Last week, too, he picked another career “honour” when Melbourne sports radio station SEN named captain of the station’s Team of the Century for footballers who are “famous for not being footballers”. Like Fitzgerald.
It is a regular weekly afternoon segment hosted by Kevin Bartlett and ‘Doctor Turf’ in which listeners nominate players and then Bartlett, the former AFL games record-holder, picks his team.
This was one of their best and also included former Swans players turned cricketing ace Jamie Siddons.
BACKLINE
Bill Mildenhall. International basketball referee. Played 74 games for St Kilda from 1974-82.
Craig Ellis. Bikini and swimwear mogul. Played 107 games with the Western Bulldogs from 1994-2001 and 15 games with Melbourne in 2002.
Rex Hunt. Fisherman and media personality. Played 113 games for Richmond from 1968-74, including the 1968 and 1973 premierships and the 1972 grand final loss, plus 32 games for Geelong from 1974-75 and 57 games for St Kilda from 1976-78. Total: 202 games.
HALF BACK LINE
Jamie Siddons. Record-breaking Sheffield Shield cricketer with Victoria and South Australia. Played two games with the Swans in 1984
Lindsay Fox. Trucking magnate. Played 20 games with St Kilda from 1959-61.
Robert Hickmott.

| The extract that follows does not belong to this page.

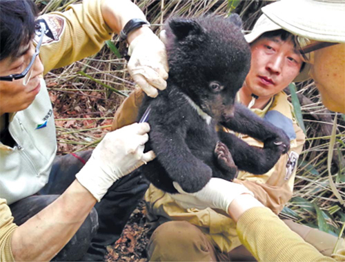 | 지리산 반달가슴곰 새끼 5마리 출산 지난 3월28일 조사에서 지리산에서 멸종위기종 1급인 반달가슴곰 새끼 5마리가 태어난 것이 확인되면서 지리산에는 37마리의 반달곰이 야생하게 됐다. 국립공원관리공단 직원들이 어미곰 RF-21이 양육을 포기하고 달아나 야생동물의료센터에서 인공 포육 중인 반달가슴곰 새끼에게 주사를 놓고 있다. 환경부 제공 |

Two-time Melbourne Cup-winning horse trainer with Green Moon (2012) and Almandin (2016). Played two games with Melbourne in 1990-91.
CENTRE LINE
Jamie Cooper. Artist best known for painting the ‘Team of the Century’ of the AFL and a number of AFL clubs. Played 26 games with Fitzroy from 1994-97.
Don Chipp. Inaugural leader of the Australian Democrats Party. Played three games with Fitzroy in 1947.
Barry Ion. Legendary South Australian radio broadcaster. Played 40 games with Footscray from 1961-65 and was a member of the Dogs’ 1961 grand final side.
HALF FORWARD LINE
Ryan Fitzgerald (captain). Breakfast radio host, television regular and comedian. Played 10 games with the Sydney Swans in 2000 and eight games with Adelaide in 2002.
Keith Miller. Legendary Australian Test cricketer named vice-captain of the Team of the Century. Played 50 games with St Kilda from 1940-42 and 1946.
Brian Morrison. A world champion shearer and member of the World Shearing Hall of Fame. Played six games with Richmond in 1960.
FULL FORWARD LINE
Bill Lang. Australian Boxing Hall of Famer who was the first Australian to fight for the world heavyweight title. Played 14 games with Richmond in 1908-09.
Simon O’Donnell. International Cricketer of the Year and noted horse racing and media personality. Played 24 games with St Kilda in 1982-83.
Shaun Hampson. Husband of supermodel Megan Gale. Played 98 games with Carlton and Richmond from 2007-16.
RUCK
Max Walker. Test cricketer and author. Played 85 games with Melbourne 1967-72.
Ambrose Palmer. Australian boxing champion, trainer and Hall of Famer who was in Johnny Famechon’s corner when he fought for the world title. Played 83 games with Footscray from 1933-43.
Ray Groom. Tasmanian Premier. Played 92 games with Melbourne from 1963-68.
INTERCHANGE
Ray Steele. Manager of the Australian Cricket Team on the 1972 Ashes tour to England and long-time Victorian cricket administrator who led the establishment’s fight against Kerry Packer and World Series Cricket. Played 42 games with Richmond from 1940-43, and was a member of the 1943 premiership side after grand final losses in 1940 and ’42.
Jack Galbally. Victorian politician and prominent barrister . Played seven games with Collingwood in 1933-34.
Israel Folau, Australian rugby league and rugby union international. Played 13 games for GWS in 2012.
Karmichael Hunt. Australian rugby league and rugby union international. Played 44 games for Gold Coast 2011-14.